- [WORK REQUEST]
Would you retype exactly the lines below, starting with the one that has "The material palette" and going on through the one that has "- GO LESS This", with no pictures and nothing else?

- [THE RECORDS]
------

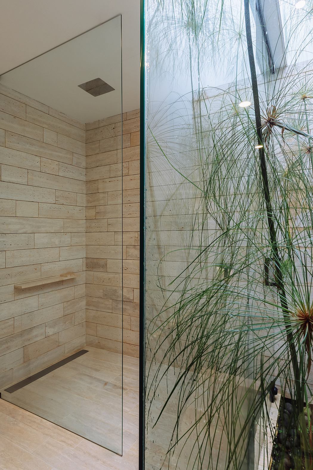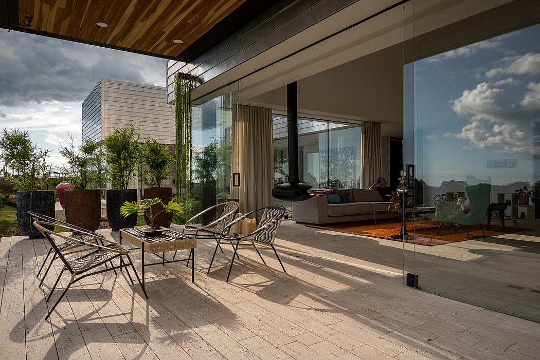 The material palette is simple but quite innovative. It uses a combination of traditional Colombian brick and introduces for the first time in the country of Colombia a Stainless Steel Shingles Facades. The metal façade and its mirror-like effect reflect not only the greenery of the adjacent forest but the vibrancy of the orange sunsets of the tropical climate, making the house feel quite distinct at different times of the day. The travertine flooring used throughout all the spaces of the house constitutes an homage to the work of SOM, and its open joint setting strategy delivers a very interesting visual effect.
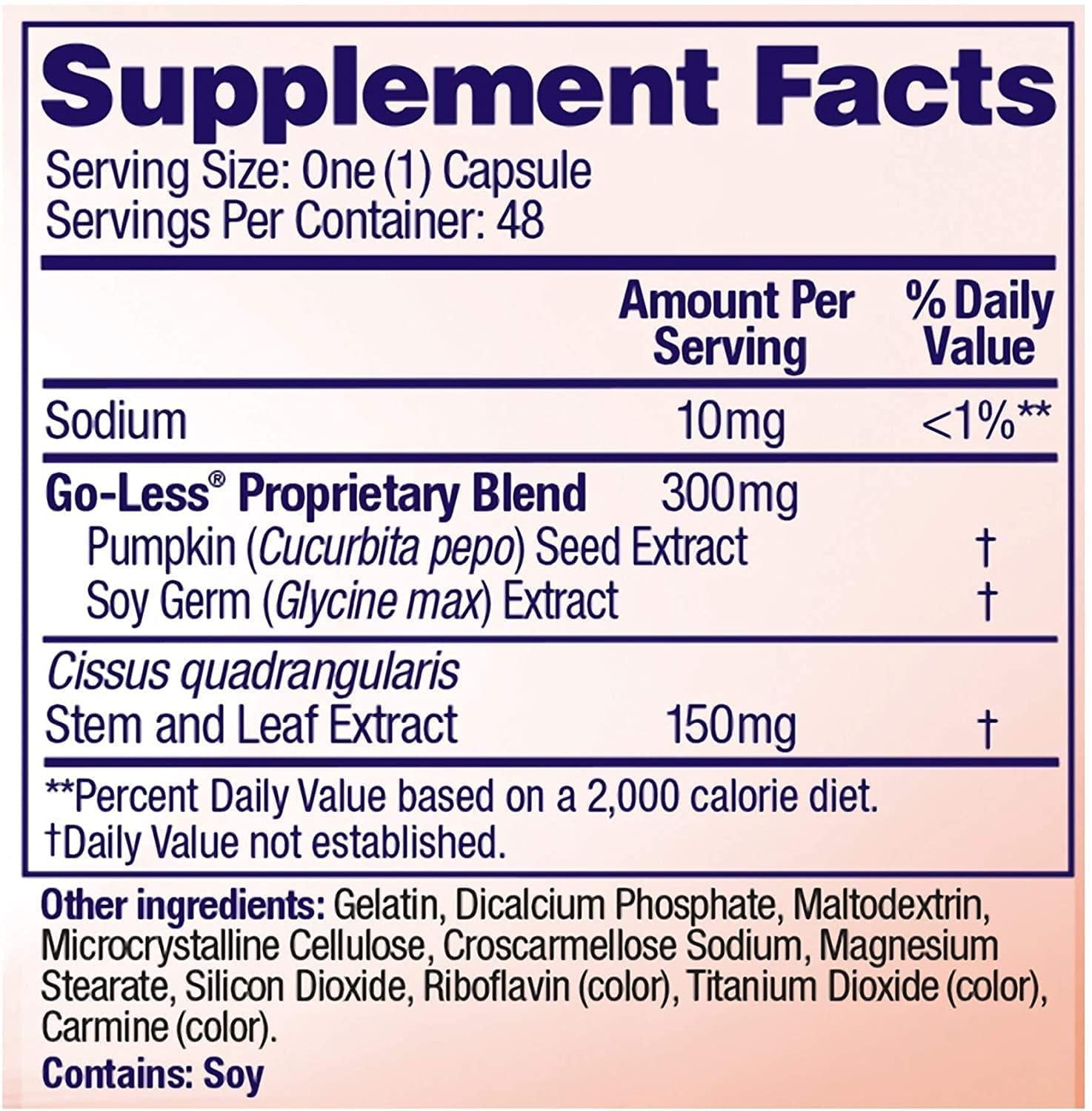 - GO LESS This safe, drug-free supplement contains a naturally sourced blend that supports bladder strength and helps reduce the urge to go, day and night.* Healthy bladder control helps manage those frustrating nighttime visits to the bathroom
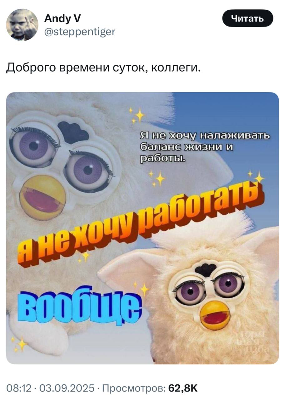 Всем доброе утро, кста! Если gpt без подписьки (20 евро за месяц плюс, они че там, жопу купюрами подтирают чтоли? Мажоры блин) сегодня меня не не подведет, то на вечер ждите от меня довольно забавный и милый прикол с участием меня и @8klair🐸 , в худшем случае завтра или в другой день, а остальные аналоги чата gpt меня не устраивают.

------

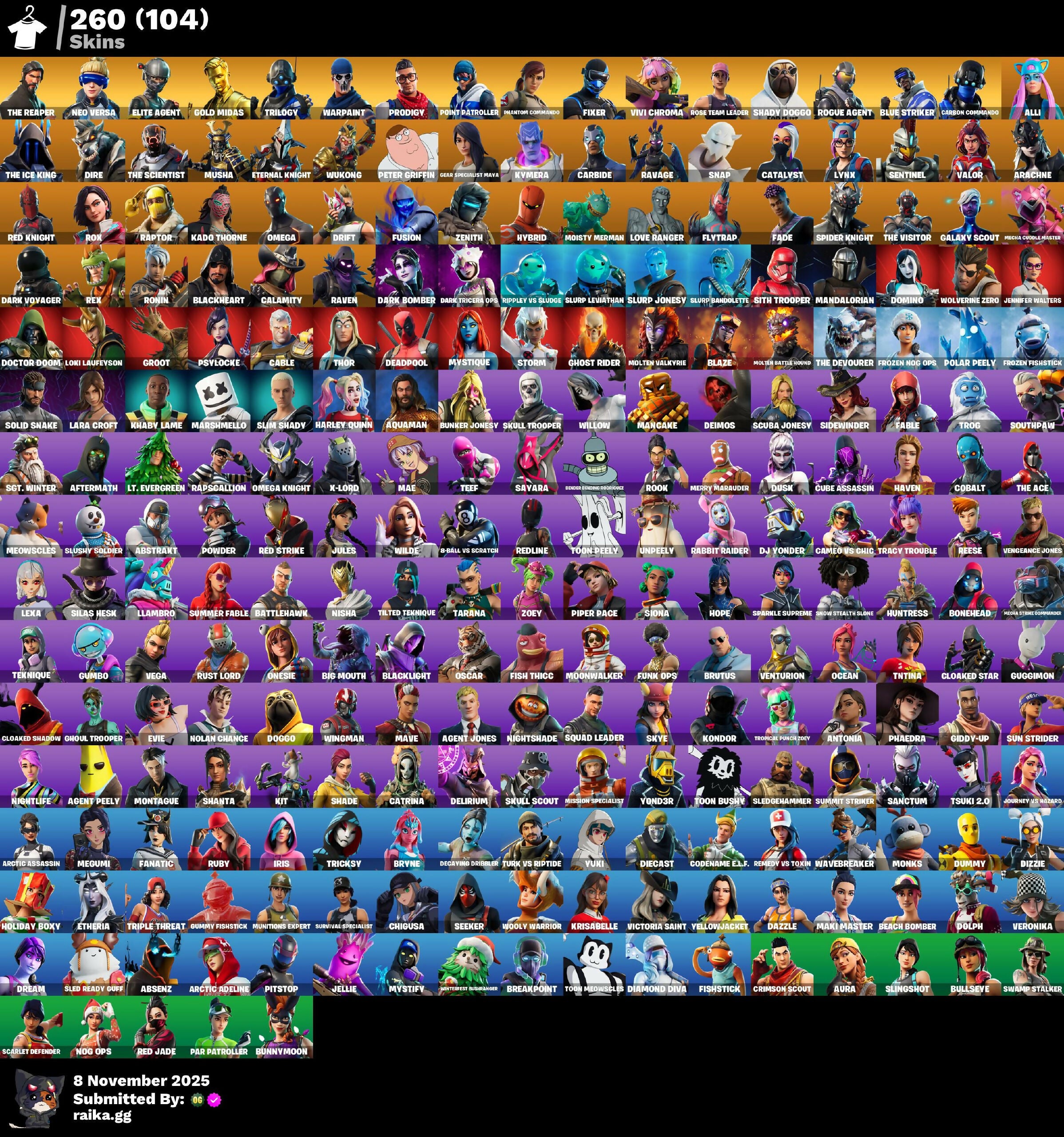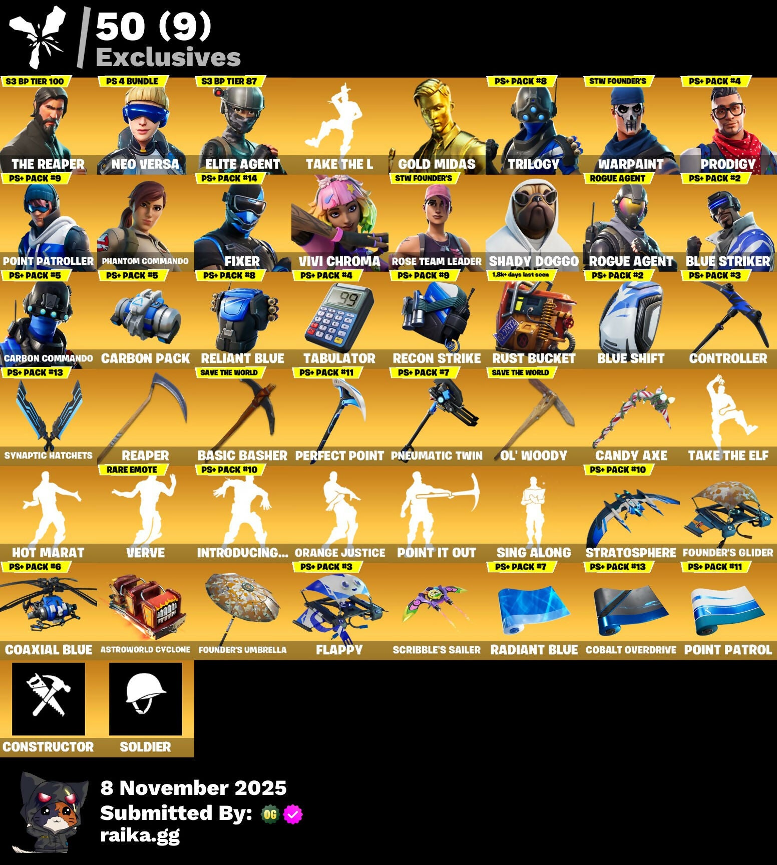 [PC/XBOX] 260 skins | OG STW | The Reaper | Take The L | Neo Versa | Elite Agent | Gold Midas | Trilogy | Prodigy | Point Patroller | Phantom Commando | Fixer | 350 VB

------

- [TASK OUTPUT]
 The material palette is simple but quite innovative. It uses a combination of traditional Colombian brick and introduces for the first time in the country of Colombia a Stainless Steel Shingles Facades. The metal façade and its mirror-like effect reflect not only the greenery of the adjacent forest but the vibrancy of the orange sunsets of the tropical climate, making the house feel quite distinct at different times of the day. The travertine flooring used throughout all the spaces of the house constitutes an homage to the work of SOM, and its open joint setting strategy delivers a very interesting visual effect.
 - GO LESS This safe, drug-free supplement contains a naturally sourced blend that supports bladder strength and helps reduce the urge to go, day and night.* Healthy bladder control helps manage those frustrating nighttime visits to the bathroom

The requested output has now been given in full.